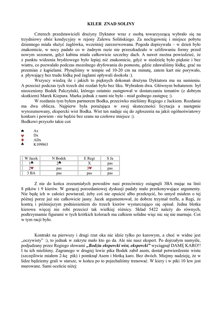KILER ZNAD SOLINY Czterech przedstawicieli drużyny Dyktator wraz z osobą towarzyszącą wybrało się na trzydniowy obóz kondycyjny w rejony Zalewu Solińskiego. Za noclegownię i miejsce pobytu dziennego miała służyć żaglówka, wcześniej zarezerwowana. Pogoda dopisywała – w dzień było znakomicie, w nocy padało co w żadnym razie nie przeszkadzało w szlifowaniu formy przed nowym sezonem, gdyż kabina miała całkowicie szczelny dach. A nawet można powiedzieć, że z punktu widzenia brydżowego było lepiej niż znakomicie, gdyż w niedzielę było pięknie i bez wiatru, co pozwalało podczas mozolnego dryfowania do pomostu, gdzie zdawaliśmy łódkę, grać na przemian z kąpielami. Płynęliśmy w tempie od 10-20 cm na minutę, zatem kart nie porywało, a pływający bez trudu łódkę pod żaglami opływali dookoła :). Wszyscy wiedzą ile i jakich to pięknych dokonań drużyna Dyktatora ma na sumieniu. A przecież podczas tych trzech dni rozdań było bez liku. Wybrałem dwa. Głównym bohaterem był nieoceniony Bodek Palczyński, którego ostatnio zastępował w dostarczaniu tematów (z dobrym skutkiem) Marek Kiepura. Marka jednak z nami nie było - miał godnego zastępcę :). W rozdaniu tym byłem partnerem Bodka, przeciwko mieliśmy Regiego z Jackiem. Rozdanie ma dwa oblicza. Najpierw była porażająca w swej skuteczności licytacja a następnie wyrozumowany, ekspercki wist Bodka. Wist ten nadaje się do zgłoszenia na jakiś ogólnoświatowy konkurs i powiem - nie będzie bez szans na czołowe miejsce :). Bodkowi przyszło takie coś Ax Dx ADx K109863 W Jacek 1 2 3 BA N Bodek 2 pas pas E Regi X 3 pas S Ja pas pas pas Z nie do końca zrozumiałych powodów nasi przeciwnicy osiągnęli 3BA mając na linii 8 pików i 9 kierów. W gorącej porozdaniowej dyskusji padały mało przekonywujące argumenty. Nie będę ich w całości powtarzał, żeby coś nie opuścić albo przekręcić, bo umysł miałem o tej późnej porze już nie całkowicie jasny. Jacek argumentował, że dobrze trzymał trefle, a Regi, że kontrą i późniejszym podniesieniem do trzech kierów wystarczająco się opisał. Jedna blotka kierowa więcej nie robi przecież tak wielkiej różnicy. Skład 5422 należy do równych, podtrzymamie figurami w tych krótkich kolorach ma całkiem solidne więc nic się nie marnuje. Coś w tym racji było. Kontrakt na pierwszy i drugi rzut oka nie idzie tylko po karowym, a choć w widne jest „oczywisty” :), to jednak w zakryte mało kto go da. Ale nie nasz ekspert. Po dojrzałym namyśle, podjudzany przez Regiego słowami „Bodziu ekspercki wist, ekspercki” wyciągnął DAMĘ KARO!! I tu ich mieliśmy. Zagranego w drugiej lewie pika Bodek zabił asem, dostał potwierdzenie wistu (szczęśliwie miałem 2-kę pik) i pomknął Asem i blotką karo. Bez dwóch. Miejmy nadzieję, że w lidze będziemy grali w starsze, w końcu po to pojechaliśmy trenować. W kiery i w piki 10 lew jest murowane. Sami oceńcie niżej: Ax Dx ADx K109863 KD109 KWxx Wx AW10 Wxxx Axxxx Kx Dx Xxx xx 109xxxx xx Drugie kilerskie rozdanie . Kto w w głównej roli? Znowu Bodek i Jacek tyle, że tym razem jako partnerzy w parze. Przeciwko Ja z Regim. Kto miał kartę - oczywiście Oni - nam nie szła zupełnie. Regi 10xxx --xxx KDWxxx Jacek Bodek A AKW63 Kx Axxxx Ja W Bodek 2 4 NT 6 XX KDW9x 1052 ADxxx --Xxx D9874 xxx xx N Regi 3trefl pas Pas pas E Jacek 1 4 5 pas Pas S Ja pas X X X! pas Licytacja wskazuje na zacietrzewienie graczy :), albo głęboką wiarę w licytację partnera. Bodek dał karną rekontrę, najwyraźniej lekceważąc tak solidnego :) zawodnika jakim ja jestem i oczywiście chcąc podtrzymać opinię, że naprawdę jest Kilerem znad Soliny. Bez trudu dostrzeżemy, że na podziale kar w bez atu idzie 13 lew, a w rezerwie jeszcze mamy impas kier, mało tego na tymże samym podziale kar idzie 7 karo, a jakby tego mało było to i 7 pik swobodnie da się uciągnąć. Nasza opozycja pokochała jednak kiery. Wielka nieodwzajemniona miłość? Finalna kontra dość słabo trzymała poziom (biję się w piersi), gdyż dzięki niej przeciwnik mógł się łatwo poprawić :). Wcześniejsze moje kontry na 4 trefl i 5 trefl osłabiły jednak czujność rewolucyjną opozycji :). Spodziewałem, przyznam, nieco więcej w kierach w Jackowym dziadku. Skąd we mnie było takie przekonanie, do dziś nie umiem wytłumaczyć :). Kolega Bodek, doświadczony ekspert, łatwo mógł mi dać popalić przenosząc chocby na 6BA, które jak wyżej wykazałem było nie do ugryzienia :). Ba ale 6 kier po dogłębniejszej analizie też idzie, przy założeniu, że kol. Biernat nie zwariował, a jak nie zwariował to musi mieć piątkę brakujących atutów. Trzeba tylko trafić czy ma cztery piki i dwa kara czy kara i piki po trzy. Zagranego K trefl bijemy asem, przebijamy trefla, cofamy się asem pik, zgrywamy K karo, karo do stołu, dwa razy piki i raz D karo na co wyrzucamy pozostałe trefle. W pieciokartowej końcówce my mamy pięć atutów i kontrowczyk też pięć. Zagrywamy fortę karo lub pik i gościa mamy na widelcu. Jeśli się podbije 7 kier dokładamy niższego kiera i już mamy go na wpuście musi nam najechać do 10 kier, a w kolejnej lewie wieńczymy dzieło impasując damę kier. Jeśli się biedaczek podbije 5 kier to nadbijamy 6 i odchodzimy 3 kier do 10 :) oddając tylko na Damę. Victoria! Oto pięciokartowa końcówka: Regi 10 --------KDxx Jacek Bodek -AKW63 ----- Ja K 105 xx ----D9874 ----- Na szcżęście nasz ekspert grał znakomicie tylko jak grał ze mną . Najwyraźnie był stremowany i przytłoczony odpowiedzialnością. W pierwszej lewie przebił trefla i całkowicie nie jak Bodziu (znany z długich analiz) w tempie zagrał 10 kier, którą pokryłem D kier. Drobiazgowa analiza być może pozwoliłaby jeszcze i teraz znaleźć wygrywającą rozgrywkę, ale już brak mi pary. W każdym razie Bodek przegrał bez jednej. Spory obrót :) Szczęśliwie grając ze mną part
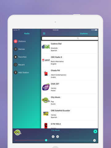 -Search radio stations by country, name, and genres.
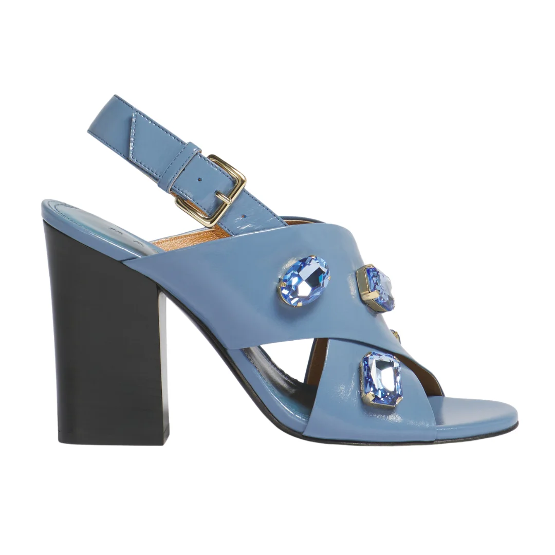 Open-toe sandal with criss-cross straps, crafted from glossy kidskin leather. Hand-embellished with three different shaped crystals, each encased within a light gold metal setting. Adjustable buckled slingback strap and high block heel. Leather lining. Made in Italy - Upper: 100% Ovine Leather - Application: 100% Glass - Inside: 100% Ovine Leather - Sole: 100% Calf Leather
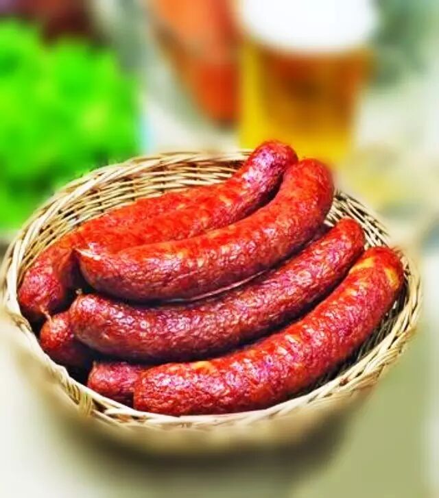 经过腌制、煮、熏等传统工艺制作而成的,正宗的哈尔滨红肠可以直接吃,吃的时候可以把肠衣(表皮)一块一起吃掉,其中以商委红肠、肉联红肠最为有名,红肠口味细腻一点儿也不肥腻,蒜味很浓,肉质较为筋道,越品愈香在秋林商场、南岗奋斗路副食商店、商委红肠都能买到。
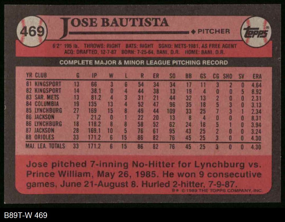 1989 Topps #469 Jose Bautista
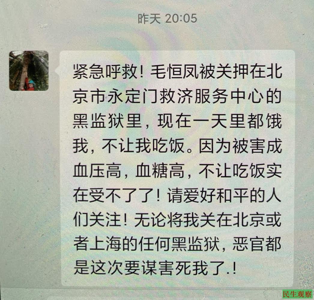 【民生观察2024年2月23日消息】近日,上海维权访民毛恒凤等人进京上访被北京警方拦截查身份证,后被送到北京永定门救济服务中心关押,期间不给饭吃,昨天毛恒凤被上海市驻京办人员接出来,今天乘坐火车已经到达上海,目前后续情况不知。而另一上海访民丁菊英被押送回上海后,现已被关进黑监狱。
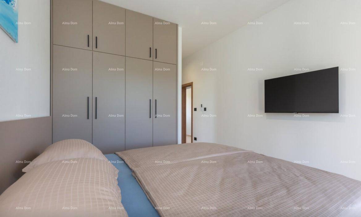 U prizemlju se kuhinja s blagavaonicom te dnevnim boravkom s izlazom na terasu, kupaonica. S terase izlaz na bazen i vanjsku terasu.
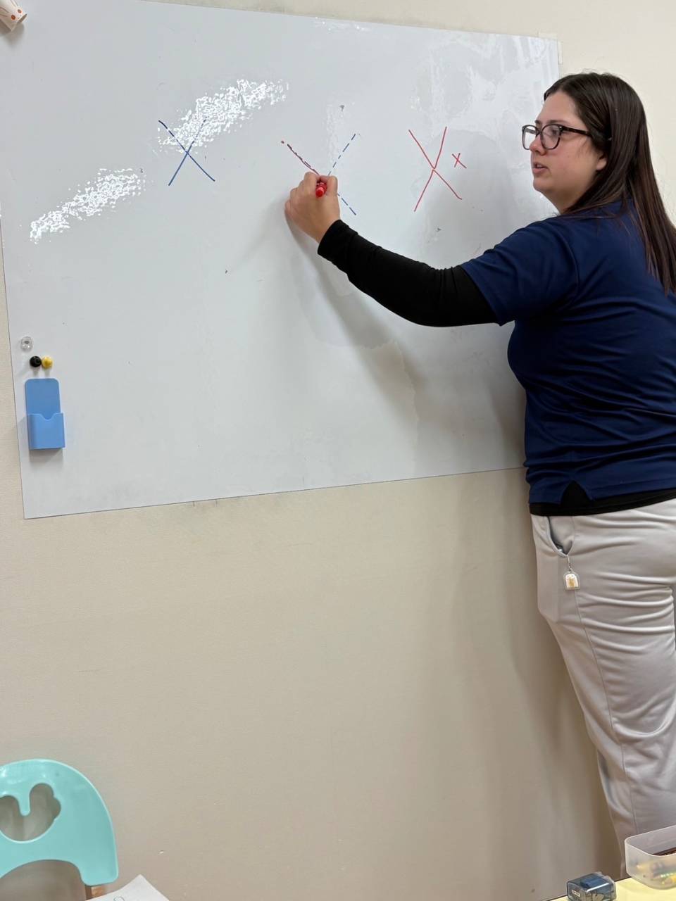 Language Artsのレッスンでは、アルファベットを書く練習も頑張って進めています。ひらがなの時と同様に、まずは先生が書き方のポイントを伝えていきます。
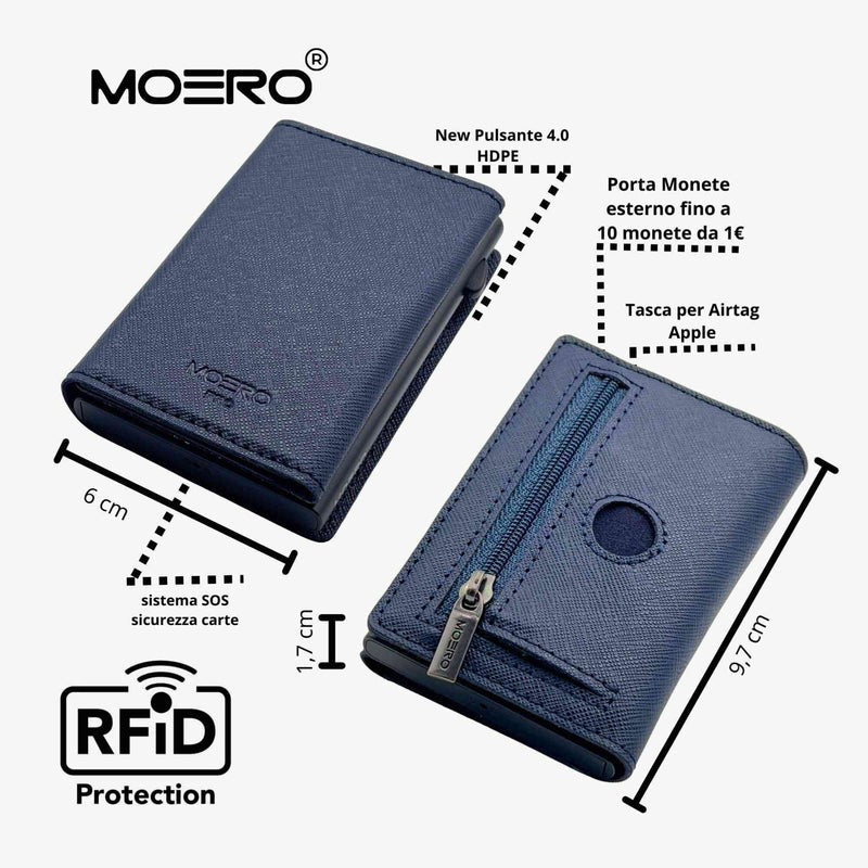 Moero Airtag Pro Saffiano Blue Navy Zip Blù
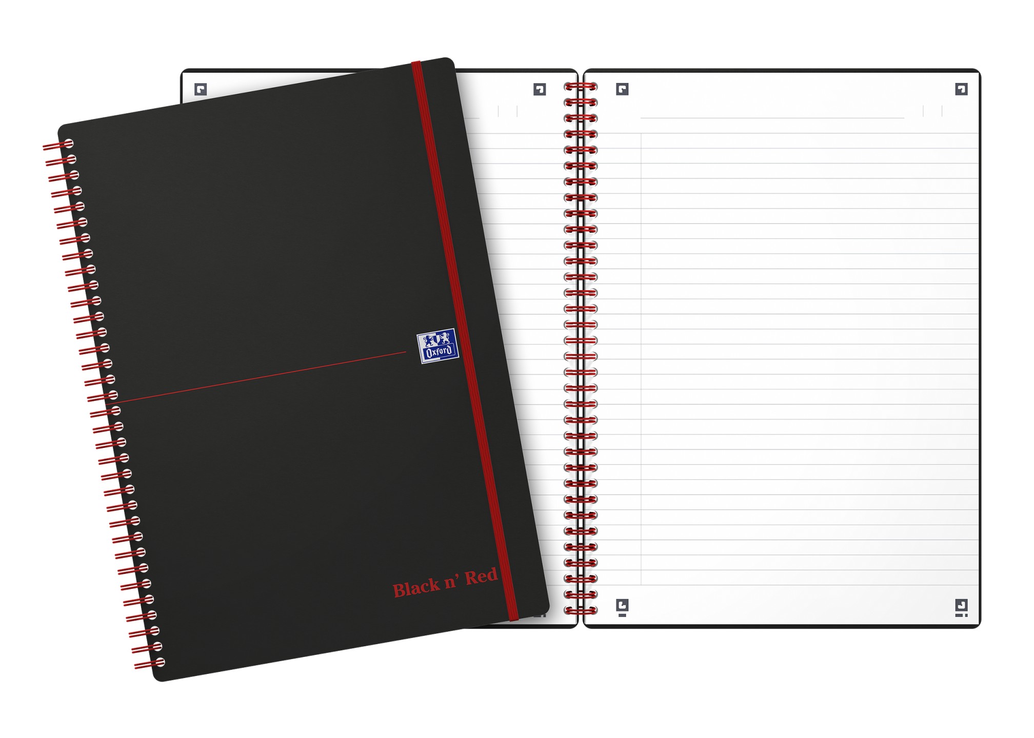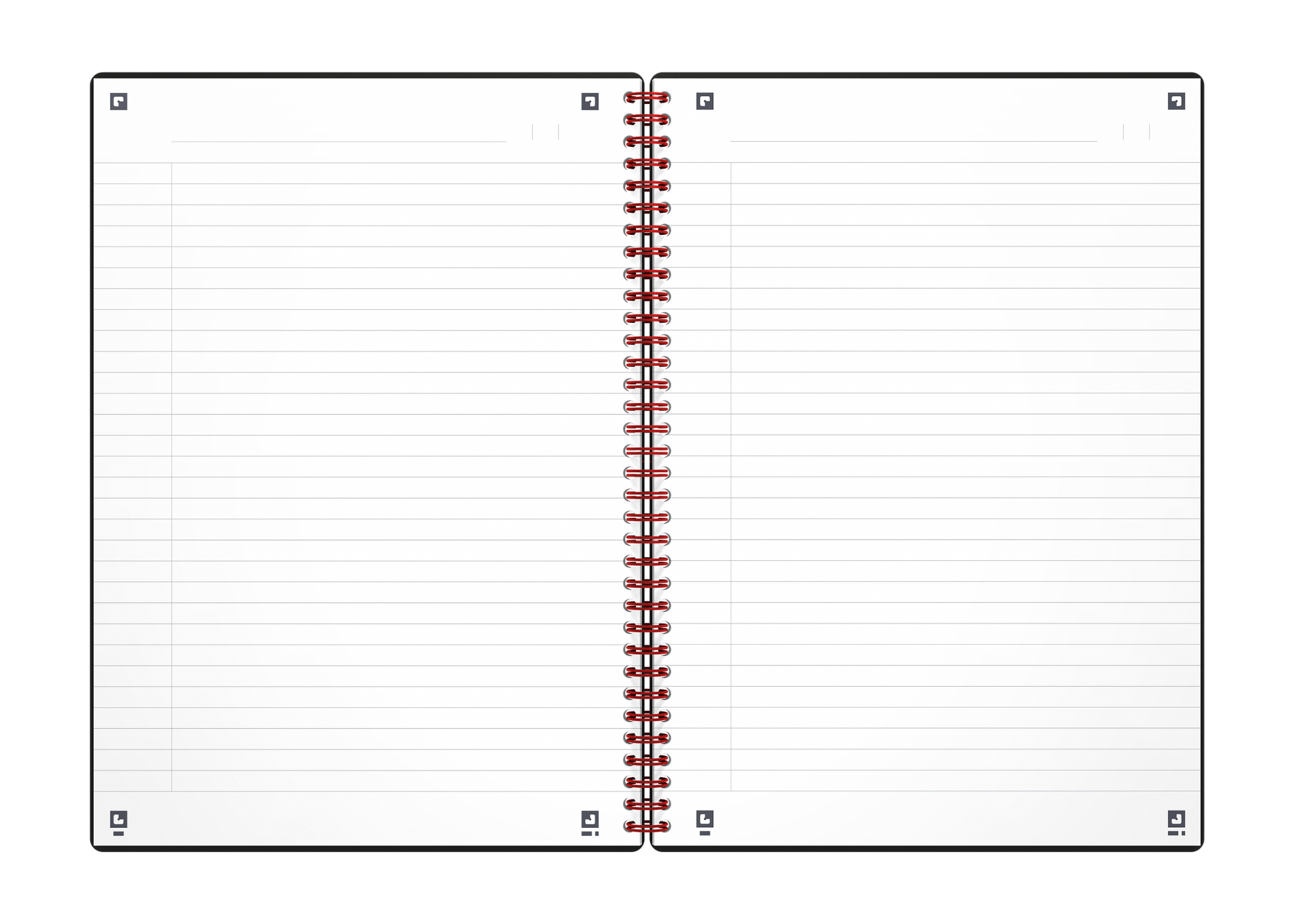 Notebook i A4, linjeret med margin, 140 sider. Takket være det ekstra hvide og glatte OPTIK PAPER® i 90 g/m2 kan du skrive på begge sider af arket, uden at blækket bløder igennem. Linjeret med margin. Rød plastovertrukket dobbeltspiral i ryggen gør det muligt at lægge notesbogen fladt mod underlaget eller at åbne den helt op, hvilket sikrer maksimal komfort og fleksibilitet. Fleksibelt, slidstærkt omslag i sort polypropylen med tekstureret finish. Arkene er kompatible med den gratis Scribzee®-smartphoneapp, så du nemt kan scanne, gemme og organisere dine noter. OXFORDs eksklusive Optik Paper® har både fået EUs miljømærke (lav miljøbelastning fra de papirfabrikker, der producerer papiret) og PEFC-certificering (bæredygtig skovforvaltning). Med elastiklukning, der beskytter notesbogens indhold. Informationsside på forsiden af notesbogen, hvor du kan skrive vigtige referenceinformationer.

**REQUIRED ACTION**
Please print the line that contains "Moero Airtag Pro Saffiano Blue Navy Zip Blù" along with every later line of the material, exactly, through the last one. Leave pictures out of the copy.

**TASK RESPONSE**
 Moero Airtag Pro Saffiano Blue Navy Zip Blù
 Notebook i A4, linjeret med margin, 140 sider. Takket være det ekstra hvide og glatte OPTIK PAPER® i 90 g/m2 kan du skrive på begge sider af arket, uden at blækket bløder igennem. Linjeret med margin. Rød plastovertrukket dobbeltspiral i ryggen gør det muligt at lægge notesbogen fladt mod underlaget eller at åbne den helt op, hvilket sikrer maksimal komfort og fleksibilitet. Fleksibelt, slidstærkt omslag i sort polypropylen med tekstureret finish. Arkene er kompatible med den gratis Scribzee®-smartphoneapp, så du nemt kan scanne, gemme og organisere dine noter. OXFORDs eksklusive Optik Paper® har både fået EUs miljømærke (lav miljøbelastning fra de papirfabrikker, der producerer papiret) og PEFC-certificering (bæredygtig skovforvaltning). Med elastiklukning, der beskytter notesbogens indhold. Informationsside på forsiden af notesbogen, hvor du kan skrive vigtige referenceinformationer.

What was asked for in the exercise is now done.